[Items listed in a dataset]
+++
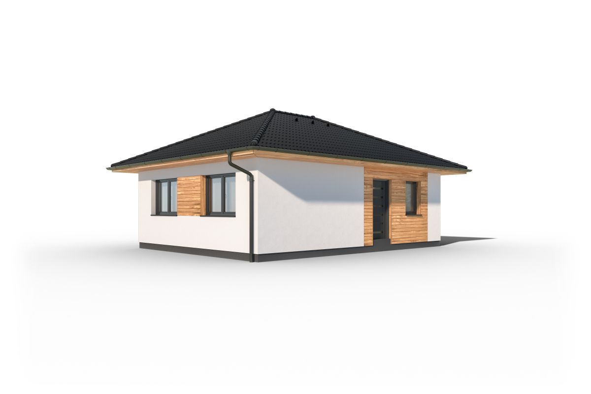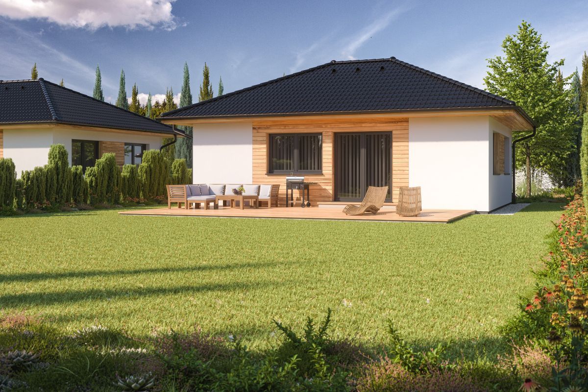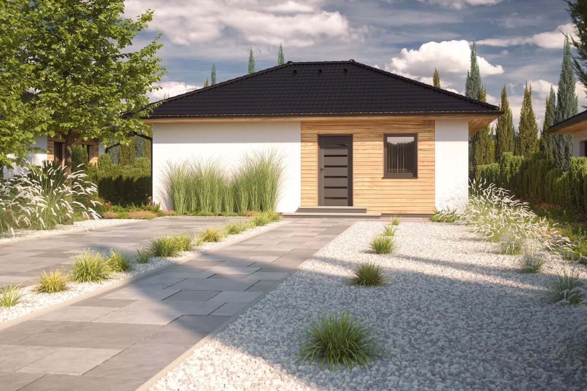 Jednoduchý moderní dům bude dobře vypadat v nové i starší zástavbě. Vyžaduje delší obdélníkový nebo velký čtvercový pozemek. Poskytne pohodlné bezbariérové rodinné bydlení, má velký společný obývací prostor, průchozí do ložnicové části. Z každého pokoje se dá vyjít přímo na zahradu. Výhodou je i úsporný provoz.
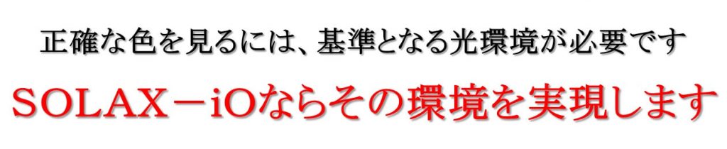 注意点3. 3条件はすべて満足しなければならず、1つでも欠けてはならない。SOLAX-iOは、上記の条件を全てクリアーしているので、色彩評価用として最適な照明です。
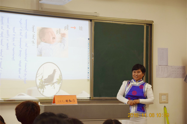 11月9日,由教务处、教学督导处主办,蒙文系承办的集宁师范学院2016年第三场课堂教学公开课活动在白海校区蒙文系304教室开展。党委副书记、校长朱玉东,副校长梁政,教学督导处处长李林书,教学督导员张大飞,蒙文系主任南斯力玛以及蒙文系的全体教师观摩了公开课。公开课由蒙文系教师胡红彦、满都拉主讲,蒙文系副主任孟美英主持。
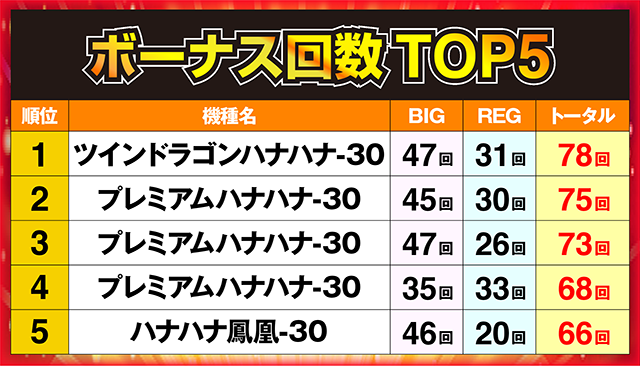 上位3台は70回を超えており、78回を記録した「ツインドラゴンハナハナ-30」の1台が首位を獲得した。
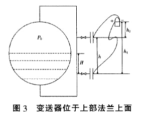 變送器位于上部法蘭上面.引壓方式和上述兩種方法一致,如圖3所示,但這種布置方式很少用到。
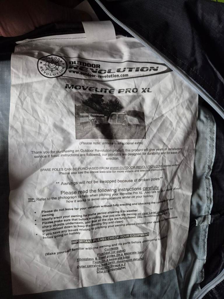 Outdoor Revolution Movelite Pro XL. Only used twice. Includes ground sheet, poles and pegs. Happy for any inspection before purchase. Feel free to ask any questions.
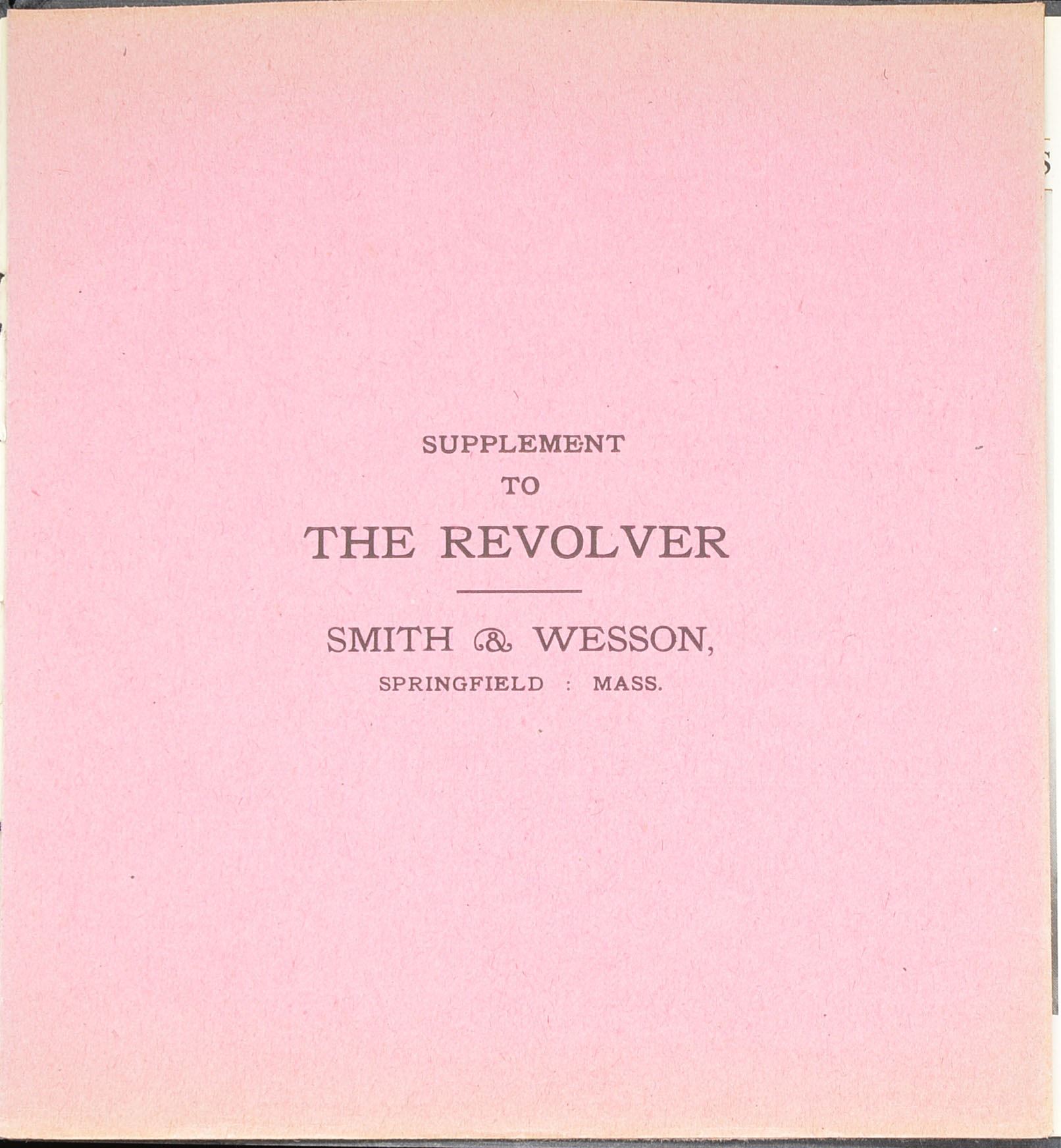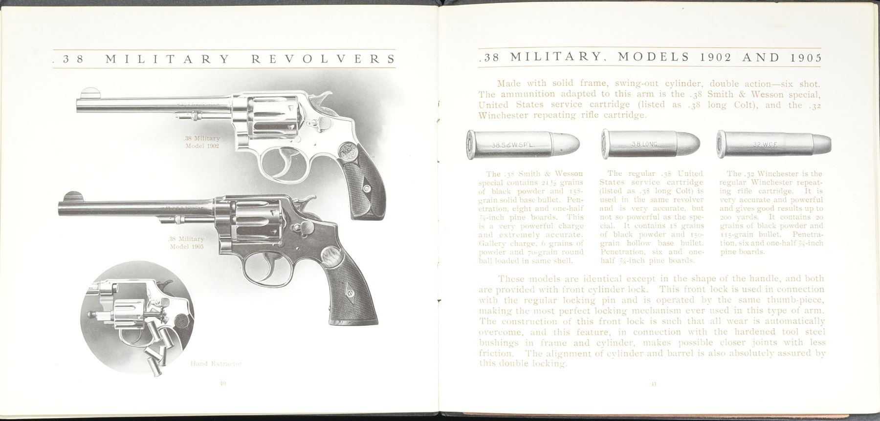 47 Page guide produced by Smith & Wesson "FOR THE POCKET FOR THE MILITARY AND FOR TARGET PRACTICE". 6 1/2" x 6 1/8" w/ Black soft cover having gold marked title "The REVOLVER". Beginning pages gives a brief synopsis of hand held weapons from the crossbow to the double action revolver. Subsequent pages talk about Smith & Wesson's mechanical superiority, finish, stocks & show styles of engraving. The brochure further talks about target shooting, ammunition & revolver operating directions. Pages 24-40 show S&W models beginning w/ the Single Action Model 1880 through Model 1905 military & the Single Shot Target pistols. A pink 2 page supplement includes the S&W Model 1908 44 Hand Ejector & 38 Perfected revolvers. CONDITION: fine overall condition. Cover shows very slight tattering of corners & discoloration. Pages show slight yellowing around edges. (02-13454/DS). $200-400.
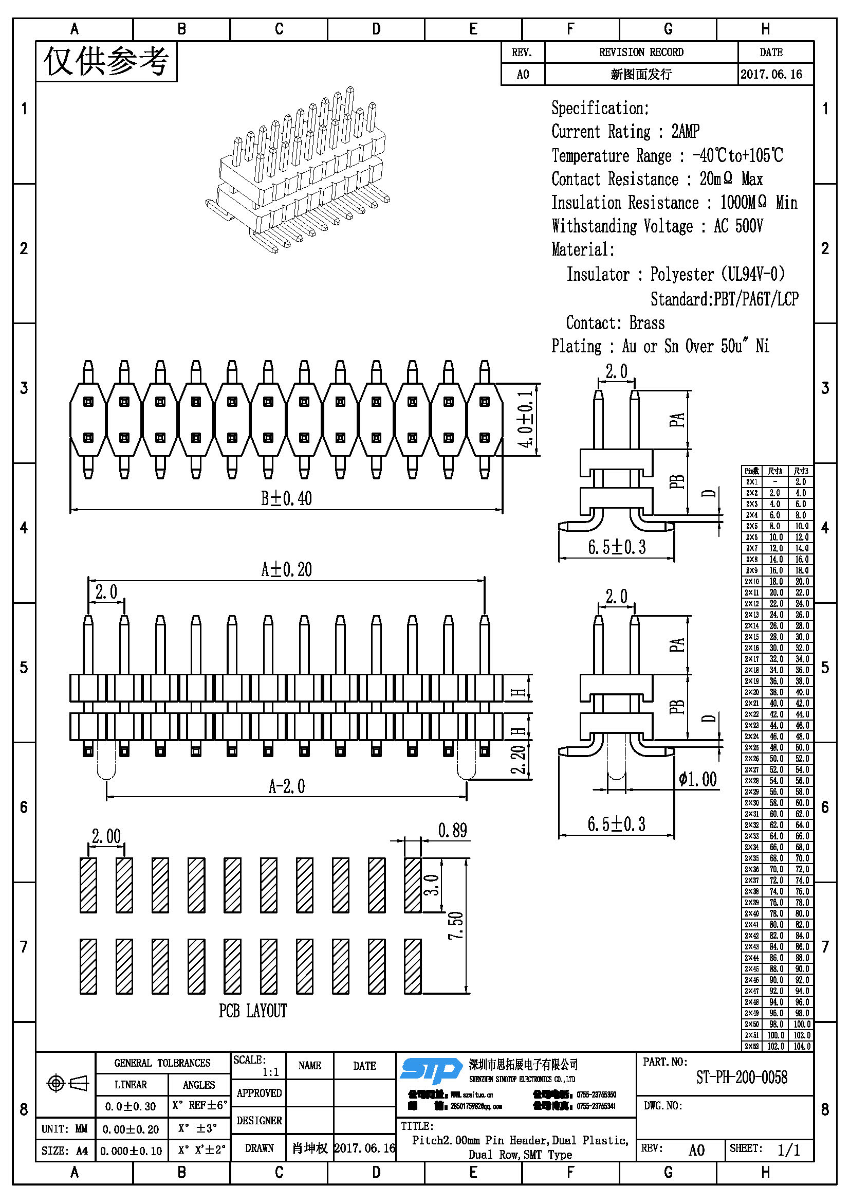 Spec:Pitch2.00MM Pin Header,Dual Row, Dual Plastic, SMT Type
+++
Could you repeat every record exactly as written, with the pictures left out?

## Response
 Jednoduchý moderní dům bude dobře vypadat v nové i starší zástavbě. Vyžaduje delší obdélníkový nebo velký čtvercový pozemek. Poskytne pohodlné bezbariérové rodinné bydlení, má velký společný obývací prostor, průchozí do ložnicové části. Z každého pokoje se dá vyjít přímo na zahradu. Výhodou je i úsporný provoz.
 注意点3. 3条件はすべて満足しなければならず、1つでも欠けてはならない。SOLAX-iOは、上記の条件を全てクリアーしているので、色彩評価用として最適な照明です。
 11月9日,由教务处、教学督导处主办,蒙文系承办的集宁师范学院2016年第三场课堂教学公开课活动在白海校区蒙文系304教室开展。党委副书记、校长朱玉东,副校长梁政,教学督导处处长李林书,教学督导员张大飞,蒙文系主任南斯力玛以及蒙文系的全体教师观摩了公开课。公开课由蒙文系教师胡红彦、满都拉主讲,蒙文系副主任孟美英主持。
 上位3台は70回を超えており、78回を記録した「ツインドラゴンハナハナ-30」の1台が首位を獲得した。
 變送器位于上部法蘭上面.引壓方式和上述兩種方法一致,如圖3所示,但這種布置方式很少用到。
 Outdoor Revolution Movelite Pro XL. Only used twice. Includes ground sheet, poles and pegs. Happy for any inspection before purchase. Feel free to ask any questions.
 47 Page guide produced by Smith & Wesson "FOR THE POCKET FOR THE MILITARY AND FOR TARGET PRACTICE". 6 1/2" x 6 1/8" w/ Black soft cover having gold marked title "The REVOLVER". Beginning pages gives a brief synopsis of hand held weapons from the crossbow to the double action revolver. Subsequent pages talk about Smith & Wesson's mechanical superiority, finish, stocks & show styles of engraving. The brochure further talks about target shooting, ammunition & revolver operating directions. Pages 24-40 show S&W models beginning w/ the Single Action Model 1880 through Model 1905 military & the Single Shot Target pistols. A pink 2 page supplement includes the S&W Model 1908 44 Hand Ejector & 38 Perfected revolvers. CONDITION: fine overall condition. Cover shows very slight tattering of corners & discoloration. Pages show slight yellowing around edges. (02-13454/DS). $200-400.
 Spec:Pitch2.00MM Pin Header,Dual Row, Dual Plastic, SMT Type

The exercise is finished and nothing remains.